В японской фразе нет главного и второстепенного, все рав­нозначно и взаимоуравновешено, как уравновешены иероглифы, самостоятельные мыслеобразы и азбука (слоговая азбука — кана) существуют в согласии (так еще можно перевести иероглиф ее), уравновешивая друг друга. Иероглифы и азбука создают общее поле японской культуры. А если иметь в виду, что при написании иероглифов работает правое, «образное» полушарие мозга, а азбуки — левое, «логическое», то сама письменность располагает к образно-логическому мышлению, к гармоничной личности. Закон сбалансированности (ва) определил мировоззренческую парадигму японцев: акцент не на том, что всего по два, а на том, что эти два — одно: отними одну половину — другая погибнет. Конечно, западный ум находил свой способ независимости. Дух восходил к Свободе; в этом, собственно, пафос его культуры. Но меня в дан­ном случае интересует связь формы мышления с формами искус­ства, прямая и обратная. Тип мышления не мог не сказаться на том, что делалось. При внимательном взгляде можно обнаружить нечто общее в архитектуре, в композиции многоярусных японских пагод, в свитках японской живописи, в планировке японских садов, дорожки которых не посыпаны сплошь песком или галькой, а выложены разной величины камнями, которые лежат свободно, каждый сам по себе. Такая дорога показалась бы нам неокончен­ной, незавершенной, настолько глаз привык к сплошной линии, к ровной плоскости.
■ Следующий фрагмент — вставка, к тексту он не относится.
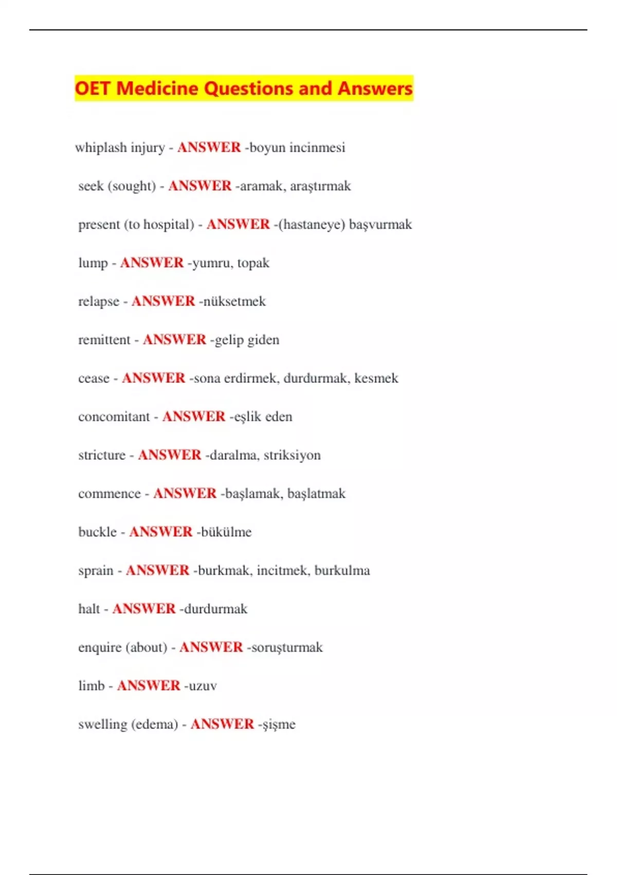 OET Medicine Questions and Answers whiplash injury - ANSWER -boyun incinmesi seek (sought) - ANSWER -aramak, araştırmak present (to hospital) - ANSWER -(hastaneye) başvurmak lump - ANSWER -yumru, topak relapse - ANSWER -nüksetmek remittent - ANSWER -gelip giden cease - ANSWER -sona erdirmek, durdurmak, kesmek concomitant - ANSWER -eşlik eden stricture - ANSWER -daralma, striksiyon commence - ANSWER -başlamak, başlatmak buckle - ANSWER -bükülme sprain - ANSWER -burkmak, incitmek, burkulma halt - ANSWER -durdurmak enquire (about) - ANSWER -soruşturmak limb - ANSWER -uzuv swelling (edema) - ANSWER -şişme pale - ANSWER -solgun, soluk throbbing - ANSWER -zonklama splint - ANSWER -atel, atellemek sling - ANSWER -kol askısı differential diagnosis - ANSWER -ayırıcı tanı insufficent - ANSWER -yetersiz sleep deprivation - ANSWER -uyku yoksunluğu reinforce - ANSWER -güçlendirmek, sağlamlaştırmak fortified foods - ANSWER -takviye edilmiş gıda chaperone - ANSWER -refakatçi insertion - ANSWER -ekleme, sokma addiction - ANSWER -bağımlılık substitute drug - ANSWER -muadil ilaç incentive - ANSWER -teşvik draw attention to - ANSWER -dikkati bir şeye çekmek cope with (stress) - ANSWER -(stresle) başa çıkmak mental breakdown - ANSWER -sinir krizi upbringing - ANSWER -yetiştirme, terbiye implication - ANSWER -ima, olası sonuç imprecise - ANSWER -kesin olmayan, dikkatsiz, özensiz genuine - ANSWER -hakiki, gerçek illicit - ANSWER -yasadışı afflict - ANSWER -acı vermek, başına bela olmak vague - ANSWER -belirsiz, net olmayan overwhelming - ANSWER -ezici, karşı konulamaz misdiagnosis - ANSWER -yanlış tanı scaffolding - ANSWER -destek stringent - ANSWER -sıkı, katı burden - ANSWER -yük, sorumluluk compound - ANSWER -bileşik, madde subsequent - ANSWER -sonraki, takip eden strive for - ANSWER -çaba sarf etmek, uğraşmak decline - ANSWER -reddetmek, azalmak relevant - ANSWER -ilgili, uygun undertake - ANSWER -(bir görevi) üstlenmek, yüklenmek
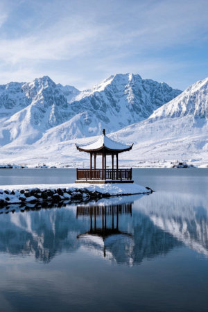 Quiet pavilions on the banks of the Snowy Mountains and Lakes, the Snowy Mountains and the Pavilion in the Heart of the Lake in the Mirror
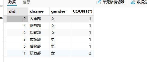 SELECT ename, did, COUNT(*)并GROUP BY did,会因为ename在组内不唯一而报错(only_full_group_by模式)。

Но вернемся к статье. В 1973 году я получила, к своей радо­сти, несколько номеров журнала «Восток» с переводом моей статьи и с откликами японских профессоров12. Здесь и оценка, и одобрение метода, и уточнения — в общем, тот диалог, в котором нуждается культура. Японские ученые согласились, что англий­ский перевод «Япония, прекрасная, и я» не отражает того, что хотел сказать Кавабата. Не отражает именно потому, что в анг­лийском переводе опущена сакраментальная частица но. («Уцуку-сий Нихон-но ватакуси»: Уцукусий = красивый, Нихон = Япония, ватакуси = я.) Но — не просто частица родительного падежа, а свидетель всеобщей связи, «одного во всем и всего в одном». Этот иероглиф похож на виток спирали и выполняет особую функцию в языке, соединяя между собой все возможные пары не по принципу «и то, и то» или «сначала это, потом то», а по принципу «это есть то». Тип связи, олицетворяемый частицей ко, позволяет не рас­пасться множеству, соединяя все на всех уровнях микро- и макро­мира, в соответствии с голографической структурой или многомер­ным мышлением. Поэтому невозможным оказался однозначный союз и (and), и я прибегла к инверсии — «Красотой Японии рожденный».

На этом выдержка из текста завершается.